NS5 : the presence of this 105 kDa protein results in inactivation of STAT2 (via the signal transduction of the response to interferon) when it is expressed alone. When NS5 is cleaved with NS4B by a protease (NS2B3) it can degrade STAT2. In fact, after the cleavage of NS5 by the protease, there is an E3 ligase association with STAT2, and the E3 ligase targets STAT2 for the degradation.
NS2B3-b protease complex is a proteolytic core consisting of the last 40 amino acids of NS2B and the first 180 amino acids of NS3. Cleavage of the NS2B3 precursor activates the protease complex.

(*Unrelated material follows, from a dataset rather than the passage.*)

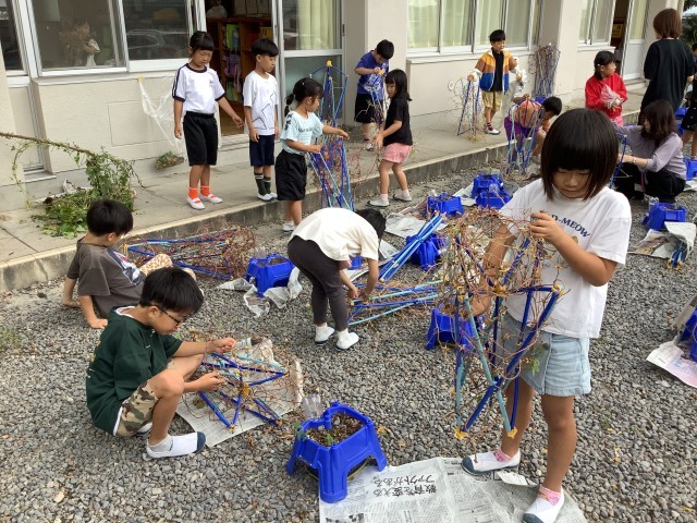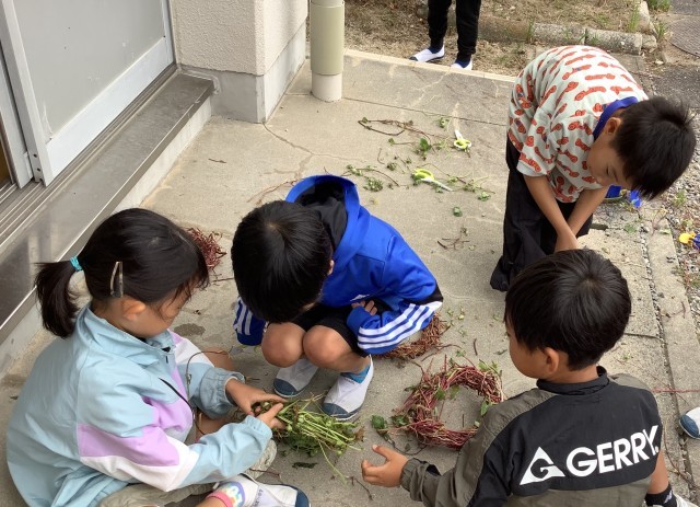 10月14日 1年生 生活科「アサガオのリースづくり」
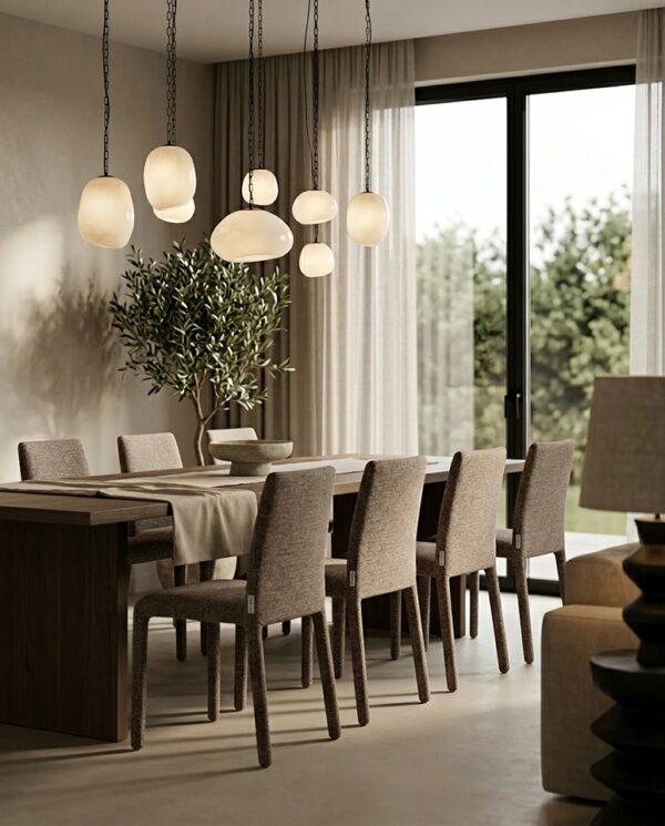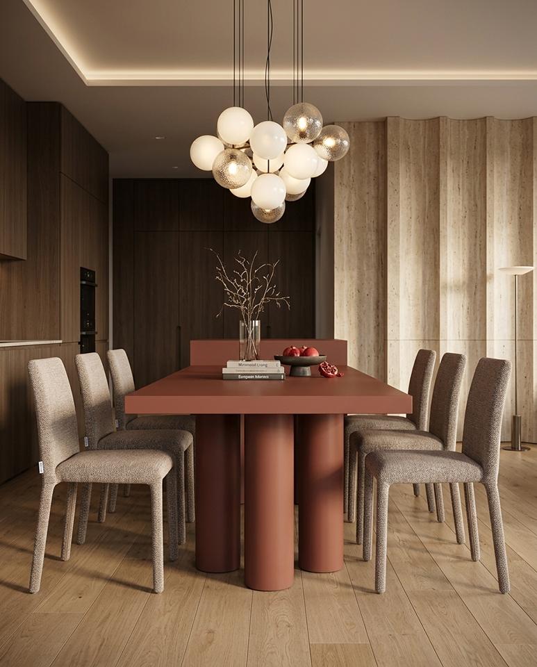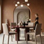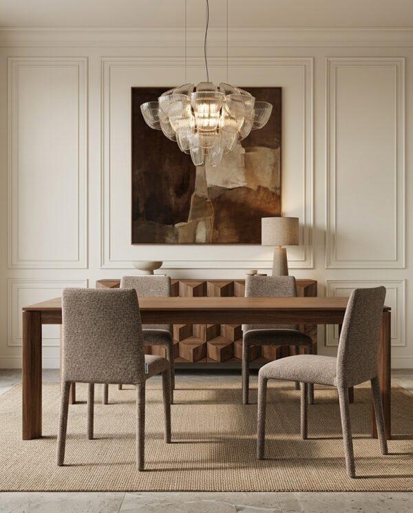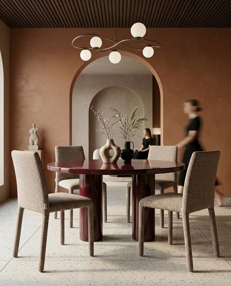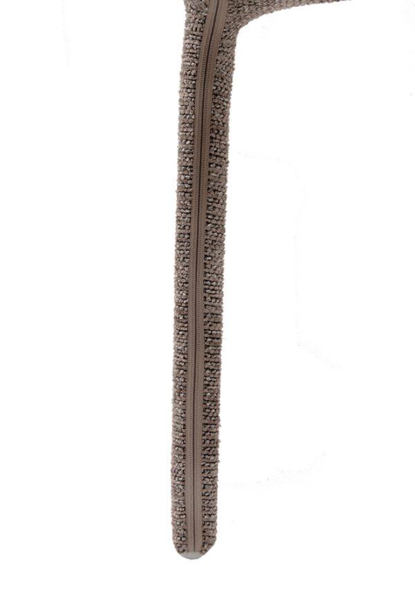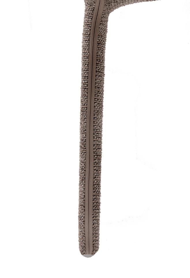 Blagovaonska stolica Rua elegantan je i vizualno lagan element dizajna interijera koji uljepšava svaki prostor. Smeđa presvlaka izrađena od 100% poliestera ima prepoznatljivu taktilnu teksturu, pružajući ugodan osjećaj. Vitki oblik i jednostavne proporcije daju stolici moderan i skladni izgled, dok konstrukcija od metalnog okvira, drva i šperploče osigurava izdržljivost i stabilnost tijekom svakodnevne upotrebe.

This protease complex allows the inhibition of the production of type I interferon by reducing the activity of IFN-beta promoter: studies have shown that NS2B3 protease complex is involved in inhibiting the phosphorylation of IRF3. A recent study shows that the NS2B3 protease complex inhibits (by cleaving) protein MITA which allows the IRF3 activation.
There currently is no human vaccine available. Several vaccines are under development by private and public researchers. Developing a vaccine against the disease is challenging. With five different serotypes of the dengue virus that can cause the disease, the vaccine must immunize against all five types to be effective. Vaccination against only one serotype could possibly lead to severe dengue hemorrhagic shock (DHS) when infected with another serotype due to antibody-dependent enhancement. When infected with Dengue virus, the immune system produces cross-reactive antibodies that provide immunity to that particular serotype. However, these antibodies are incapable of neutralizing any other serotypes upon reinfection and actually serve to increases viral infection. When macrophages consume the ‘neutralized’ virus, the virus is able replicate within the macrophage. In all, these cross-reactive, ineffective antibodies ease the access of these viruses into macrophages, which induces the dengue hemorrhagic fever. A common problem faced in dengue-endemic regions is when mothers become infected with dengue; after giving birth, offspring carry the immunity from their mother and are susceptible to hemorrhagic fever if infected with any of the other four serotypes. One vaccine was in phase III trials in 2012 and planning for vaccine usage and effectiveness surveillance had started.
In September 2012, it was announced that one of the vaccines had not done well in clinical trials.
In 2009 Sanofi-Pasteur starts to build a new facility in suburb of Lyon (France) at Neuville-sur-Saône (fr). This unit produces 4 serotypes vaccine for phase III trials. In september 2014 Sanofi-Pasteur CEO gives early results of the phase III trial efficacy study in Latin America. The efficacy per serotype (ST) varied widely, from 42.3% for ST2, rising to 50.3% for ST1, and to 74.0% for ST3 and 77.7% for ST4. The full analysis of data from the phase III Latin American-Caribbean study will be reviewed by external experts before being published in a peer-reviewed scientific journal. Primary results has to be presented at the American Society of Tropical Medicine and Hygiene Annual Meeting, held November 2–6 2014 in New Orleans.
As researchers continue their work, governments should also make efforts in protecting their citizens by providing clean environments to live in, which can be done through developing cleaning teams to keep the cities clean.